About the EDGE-Gastric Study
The ongoing, multi-arm, multi-cohort global Phase 2 EDGE-Gastric trial (NCT05329766) is evaluating the safety and efficacy of various combinations of the Fc-silent anti-TIGIT antibody domvanalimab and the anti-PD-1 monoclonal antibody zimberelimab in patients with locally advanced unresectable or metastatic gastric (G), gastroesophageal junction (GEJ) or esophageal (E) adenocarcinoma. Patients in Arm A1, with previously untreated G/GEJ/E adenocarcinoma, received 1600 mg of domvanalimab intravenously (IV) every four weeks (Q4W) plus 480 mg of zimberelimab IV Q4W + FOLFOX (oxaliplatin 85 mg/m2 IV, leucovorin 400 mg/m2 IV, fluorouracil 400 mg/m2 IV bolus + 2400 mg/m2 continuous 46-48-hour IV infusion) every two weeks.
About Domvanalimab
Domvanalimab is the first and most clinically advanced Fc-silent investigational monoclonal antibody that is specifically designed with Fc-silent properties to block and bind to the T-cell immunoreceptor with Ig and ITIM domains (TIGIT), a checkpoint receptor on immune cells that acts as a brake on the anticancer immune response. By binding to TIGIT with Fc-silent properties, domvanalimab is believed to work by freeing up immune-activating pathways and activate immune cells to attack and kill cancer cells without depleting the peripheral regulatory T cells important in avoiding immune-related toxicity.

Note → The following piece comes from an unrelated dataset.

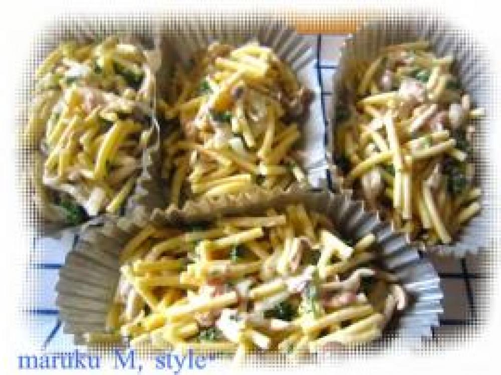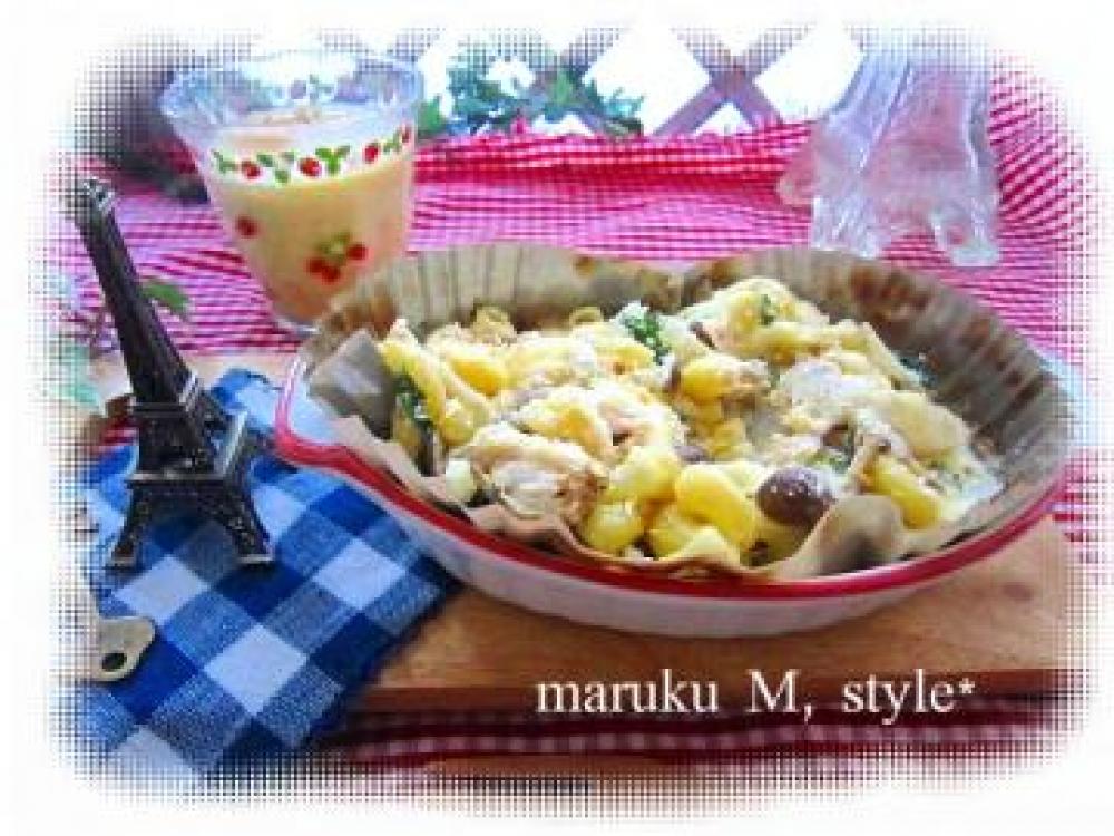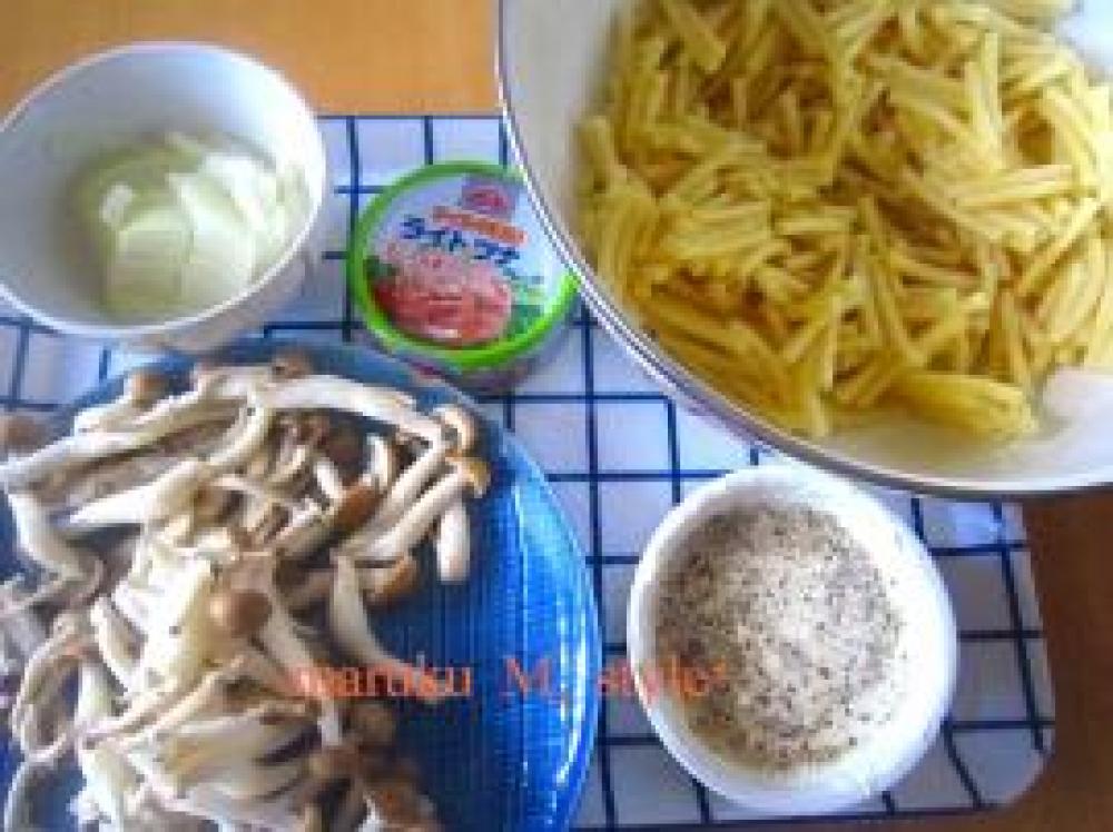 ![]() しめじもレンジで2分かけて火を通しておきます。よく水気を切ったマカロニをボールに入れます。

Combined inhibition of both TIGIT and programmed cell death protein-1 (PD-1) is believed to significantly enhance immune cell activation, as these checkpoint receptors play distinct, complementary roles in anti-tumor activity. Domvanalimab is being evaluated in combination with anti-PD-1 monoclonal antibodies, including zimberelimab, as well as other investigational cancer immunotherapies and A2a/A2b adenosine receptor antagonist etrumadenant, in multiple ongoing and planned early and late-stage clinical studies in various tumor types.
About Zimberelimab
Zimberelimab is an anti-programmed cell death protein-1 (PD-1) monoclonal antibody that binds PD-1, with the goal of restoring the antitumor activity of T cells. Zimberelimab has demonstrated high affinity, selectivity and potency in various tumor types.

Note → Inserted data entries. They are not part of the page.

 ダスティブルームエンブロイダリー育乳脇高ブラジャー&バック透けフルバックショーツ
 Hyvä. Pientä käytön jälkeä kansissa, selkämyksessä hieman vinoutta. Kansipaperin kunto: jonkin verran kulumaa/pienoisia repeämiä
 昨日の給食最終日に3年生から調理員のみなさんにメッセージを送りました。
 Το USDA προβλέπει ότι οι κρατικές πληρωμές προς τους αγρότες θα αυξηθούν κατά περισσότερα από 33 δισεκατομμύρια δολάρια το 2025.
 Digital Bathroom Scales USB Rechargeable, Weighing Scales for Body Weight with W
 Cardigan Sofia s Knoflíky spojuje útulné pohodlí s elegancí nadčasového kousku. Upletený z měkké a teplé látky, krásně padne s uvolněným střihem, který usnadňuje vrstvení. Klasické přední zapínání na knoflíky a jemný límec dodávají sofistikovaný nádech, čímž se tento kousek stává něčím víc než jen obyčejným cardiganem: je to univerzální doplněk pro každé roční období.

Zimberelimab is being evaluated in the U.S. and globally as a foundational anti-PD-1 treatment option in multiple ongoing and planned early and late-stage clinical studies in combination with other immunotherapies, including investigational Fc-silent anti-TIGIT monoclonal antibody domvanalimab and A2a/A2b adenosine receptor antagonist etrumadenant.
Guangzhou Gloria Biosciences Co. Ltd., which holds commercialization rights for zimberelimab in greater China, has obtained approval for zimberelimab for the treatment of recurrent or metastatic cervical cancer and for relapsed or refractory classical Hodgkin’s lymphoma. Zimberelimab is not approved for any use in the U.S. or other regions outside of China. Gloria conducts its development and commercialization activities independent of Arcus and Gilead.